Total number of tokens:

In [4]:
print(len(preprocessed))

23341


From these tokens we can build a vocabulary of unique tokens.

In [12]:
all_tokens = sorted(set(preprocessed))
print(len(all_tokens))

3836


In [6]:
vocab = {token: i for i, token in enumerate(all_tokens)}


In [7]:
list(vocab.items())[1000:1020]

[('PUSH', 1000),
 ('PUSHED', 1001),
 ('Pantages', 1002),
 ('Paris', 1003),
 ('Parisian', 1004),
 ('Parisian-style', 1005),
 ('Park', 1006),
 ('Parker', 1007),
 ('Pasadena', 1008),
 ('Passes', 1009),
 ('Passing', 1010),
 ('Pasta', 1011),
 ('Peer', 1012),
 ('Peers', 1013),
 ('People', 1014),
 ('Pfeiffer’s', 1015),
 ('Photographer', 1016),
 ('Photographer’s', 1017),
 ('Piano', 1018),
 ('Picks', 1019)]

Now that we have a vocabulary, we can encode the raw text into token IDs.
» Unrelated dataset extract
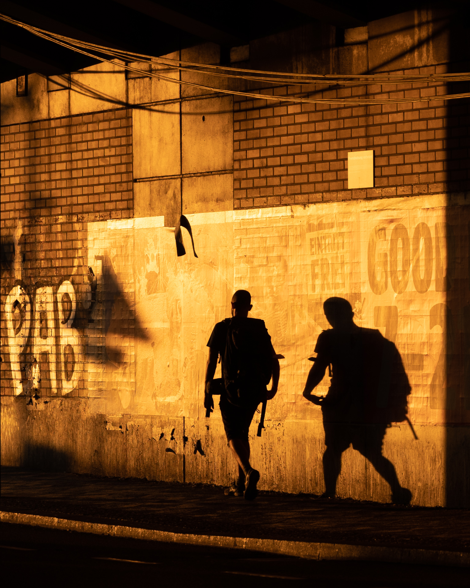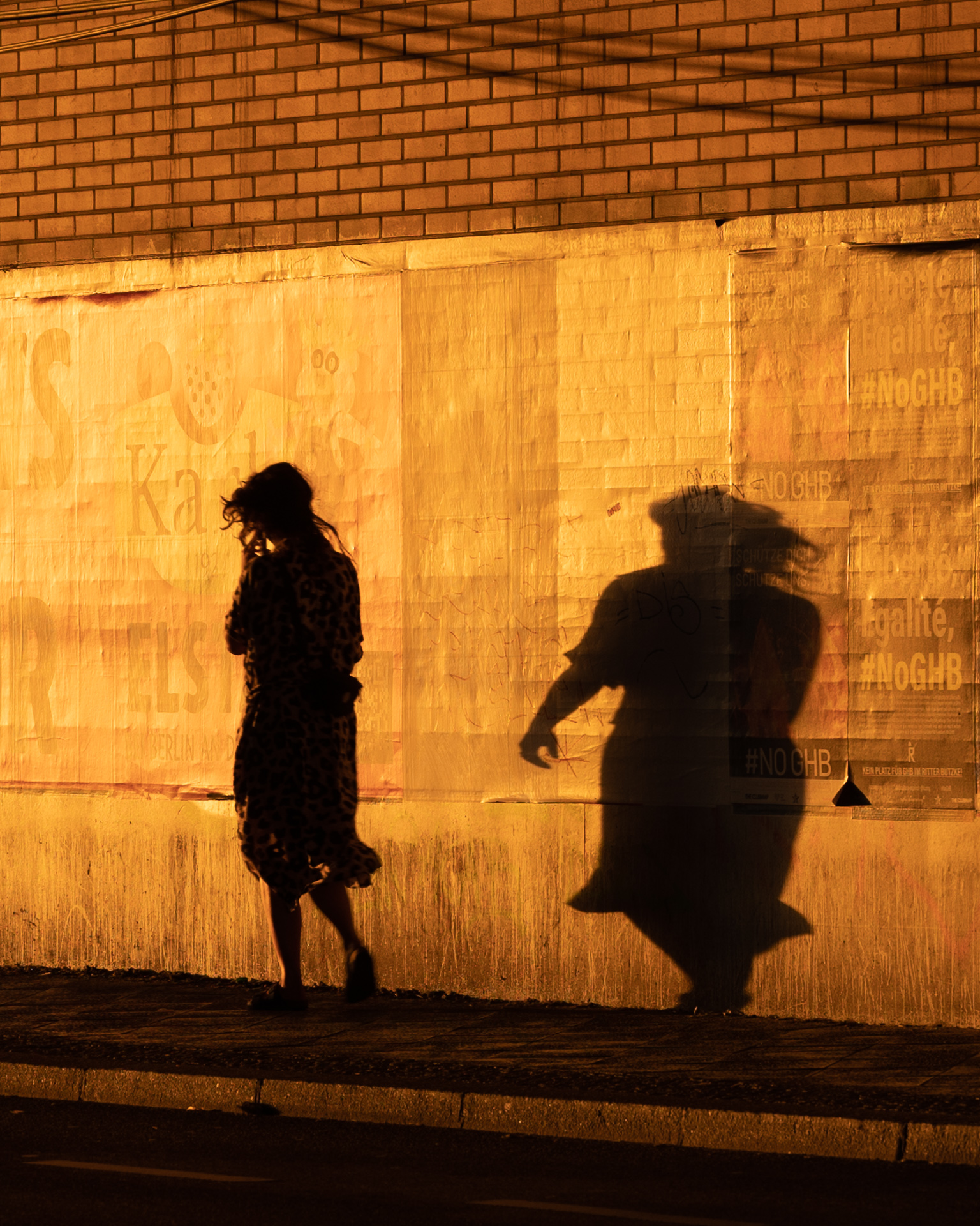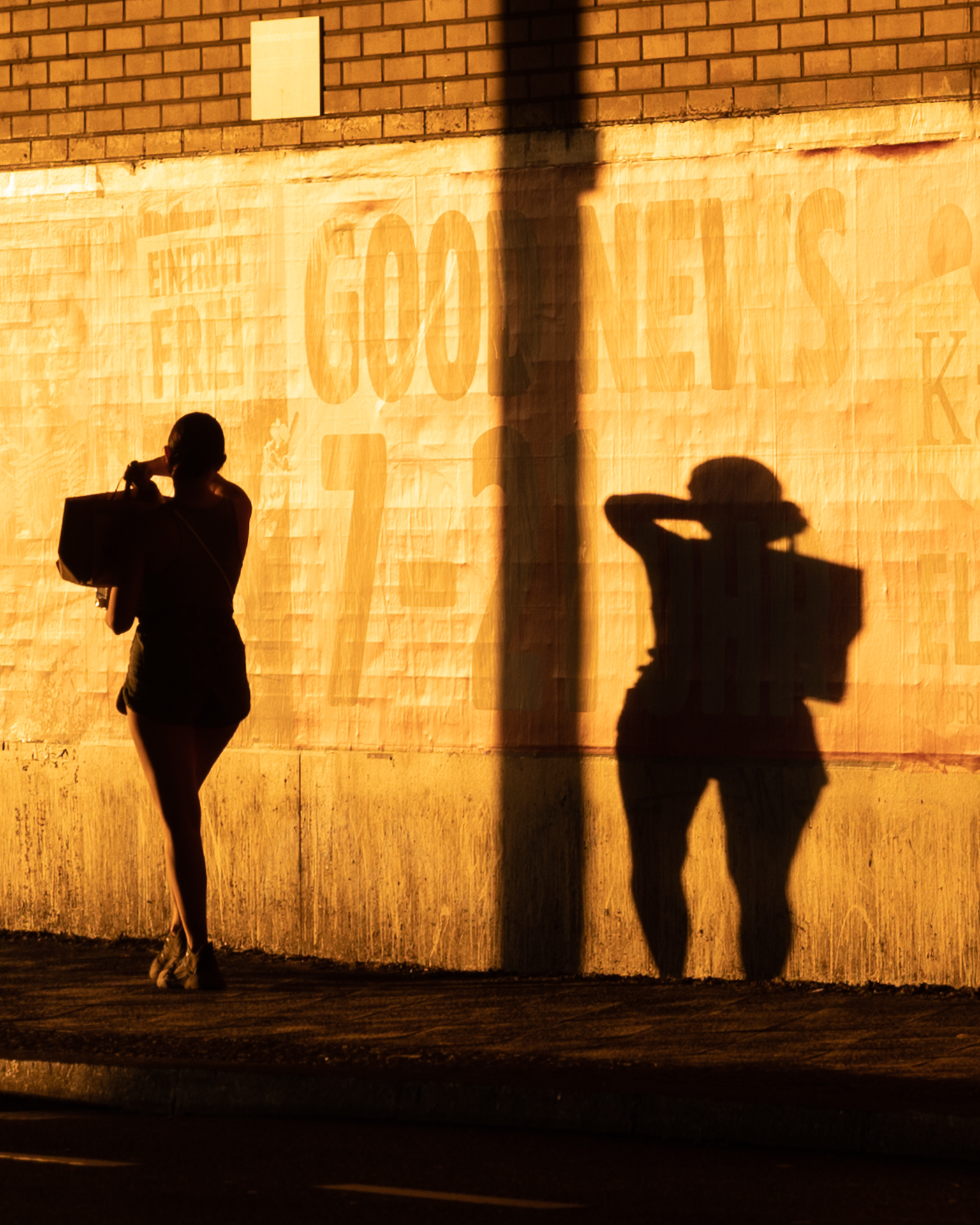 Ich habe heute Abend eigentlich einen langen Spaziergang im Sinn, bleibe aber stehen, als ich die Silhouetten der Menschen vor der plakatierten Wand sehe. Ein Plakat schreit "GOOD NEWS". Die Menschen treiben ihren Schatten vor sich her. Andere werden von ihm getrieben. Manche Schatten sehen ihren Besitzern ähnlich, andere nicht. Heute lasse ich die anderen die 10000 Schritte machen und bleibe einfach stehen, bis die Sonne hinter der Stadt verschwindet.

We can build a simple tokenizer class.

In [8]:
class TokenizerV1:
    def __init__(self, vocab):
        self.vocab = vocab

    def encode(self, text):
        preprocessed = re.split(r'([,.:;?_!"()\']|--|\s)', text) # split the text into tokens, by the same characters we built the vocab from.
        preprocessed = [item.strip() for item in preprocessed if item.strip()] # remove leading and trailing whitespace
        return [self.vocab[token] for token in preprocessed] # return the token IDs

    def decode(self, ids):
        text = " ".join([{i:s for s,i in self.vocab.items()}[i] for i in ids])
        # Replace spaces before the specified punctuations
        text = re.sub(r'\s+([,.?!"()\'])', r'\1', text)
        return text

In [9]:
tokenizer = TokenizerV1(vocab)
text = """Maybe I’m one of those people who’s
always wanted to do it but never had a
chance."""
ids = tokenizer.encode(text)
print(ids)


[804, 679, 2768, 2752, 3525, 2867, 3727, 1431, 3675, 3545, 1913, 2434, 1664, 2713, 2266, 1381, 1707, 10]


In [10]:
tokenizer.decode(ids)

'Maybe I’m one of those people who’s always wanted to do it but never had a chance.'

But let's use a sentence containing a word that is not in the vocab:

In [11]:
text = """But on Instagram it said you liked hip hop more than jazz!"""
ids = tokenizer.encode(text)

KeyError: 'Instagram'

This is a problem, but its one of the reasons that special tokens are useful.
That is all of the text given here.